## Task
Nothing but the lines below from the one holding "تحتوي الشنطة على" up to and including the one holding "濱(18画)上(3画) 慶(15画)一(1画)朗(11画)" should be copied, exactly and without pictures.
START Data for review
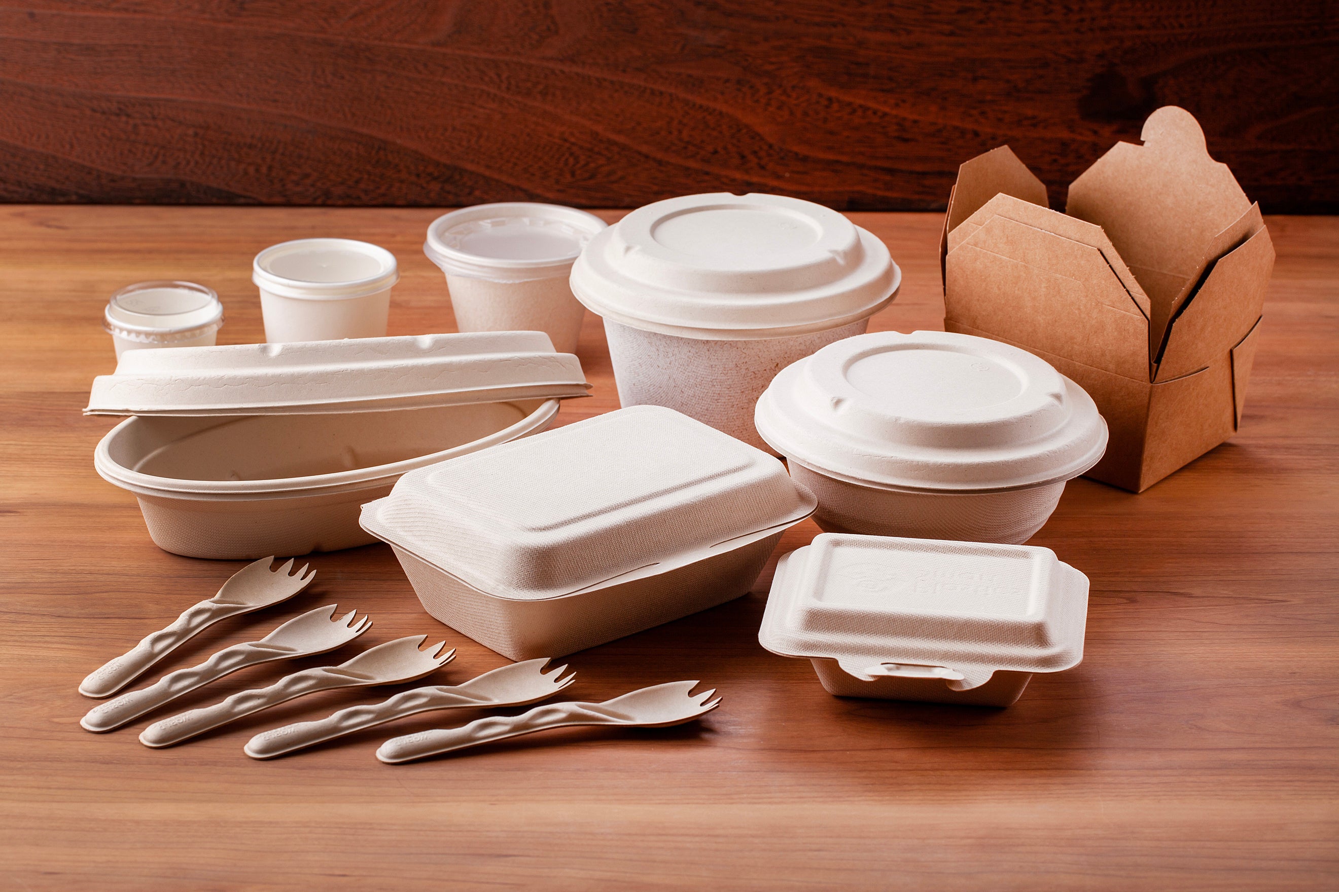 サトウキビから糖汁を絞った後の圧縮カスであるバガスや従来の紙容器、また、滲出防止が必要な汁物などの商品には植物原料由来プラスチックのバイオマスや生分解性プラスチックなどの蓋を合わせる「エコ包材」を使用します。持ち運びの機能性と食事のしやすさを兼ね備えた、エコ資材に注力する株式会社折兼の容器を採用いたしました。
END Data for review
START Data for review
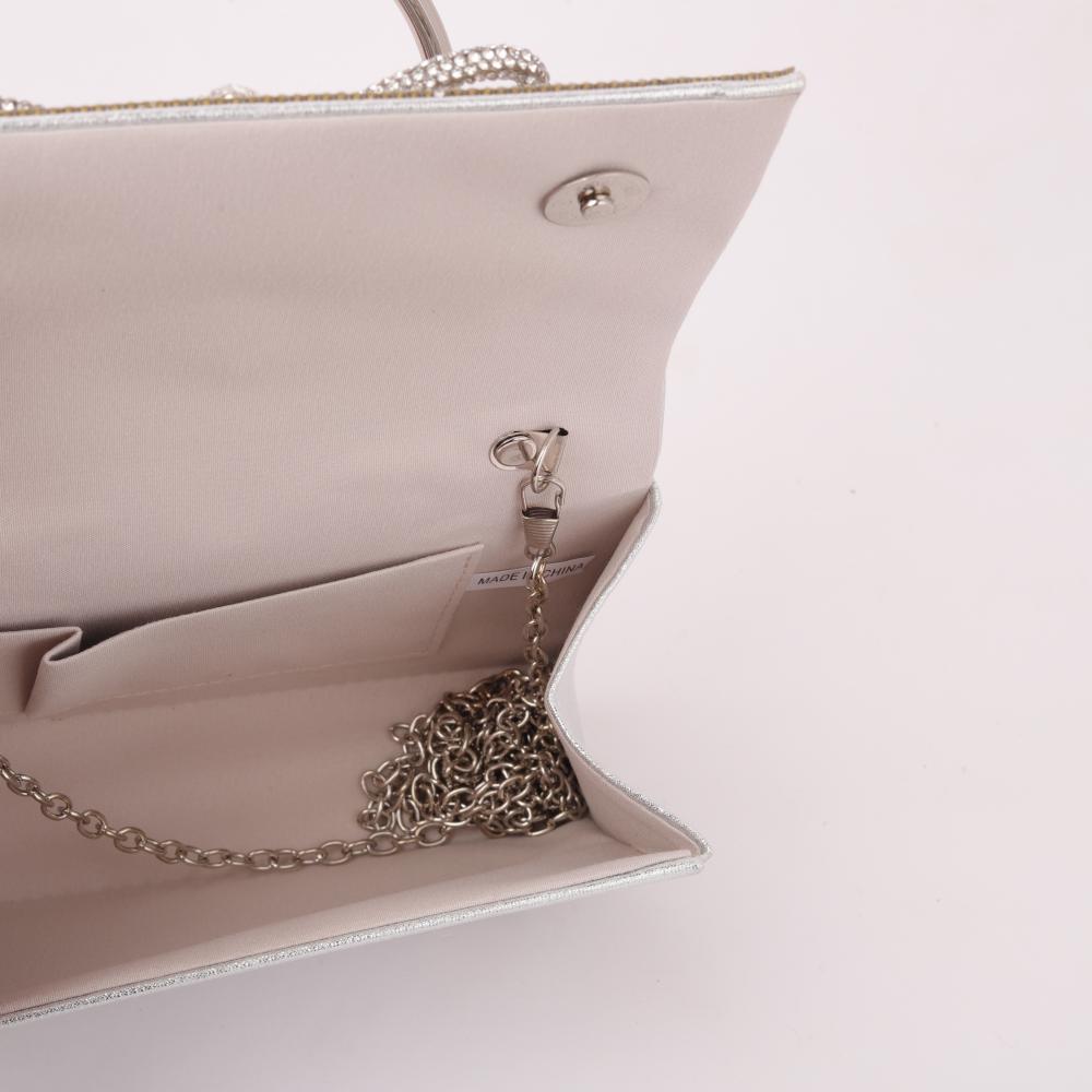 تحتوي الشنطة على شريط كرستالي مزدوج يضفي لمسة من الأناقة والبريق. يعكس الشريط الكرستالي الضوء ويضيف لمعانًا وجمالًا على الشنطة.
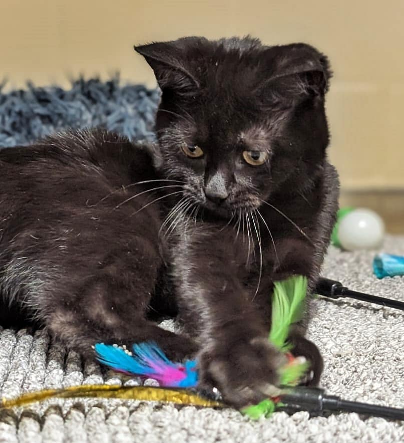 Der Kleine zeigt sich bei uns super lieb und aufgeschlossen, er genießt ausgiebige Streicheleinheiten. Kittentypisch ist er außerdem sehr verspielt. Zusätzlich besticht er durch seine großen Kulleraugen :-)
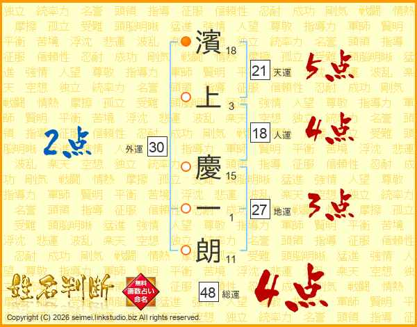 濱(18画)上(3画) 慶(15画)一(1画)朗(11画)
END Data for review
## Solution to this problem
 تحتوي الشنطة على شريط كرستالي مزدوج يضفي لمسة من الأناقة والبريق. يعكس الشريط الكرستالي الضوء ويضيف لمعانًا وجمالًا على الشنطة.
 Der Kleine zeigt sich bei uns super lieb und aufgeschlossen, er genießt ausgiebige Streicheleinheiten. Kittentypisch ist er außerdem sehr verspielt. Zusätzlich besticht er durch seine großen Kulleraugen :-)
 濱(18画)上(3画) 慶(15画)一(1画)朗(11画)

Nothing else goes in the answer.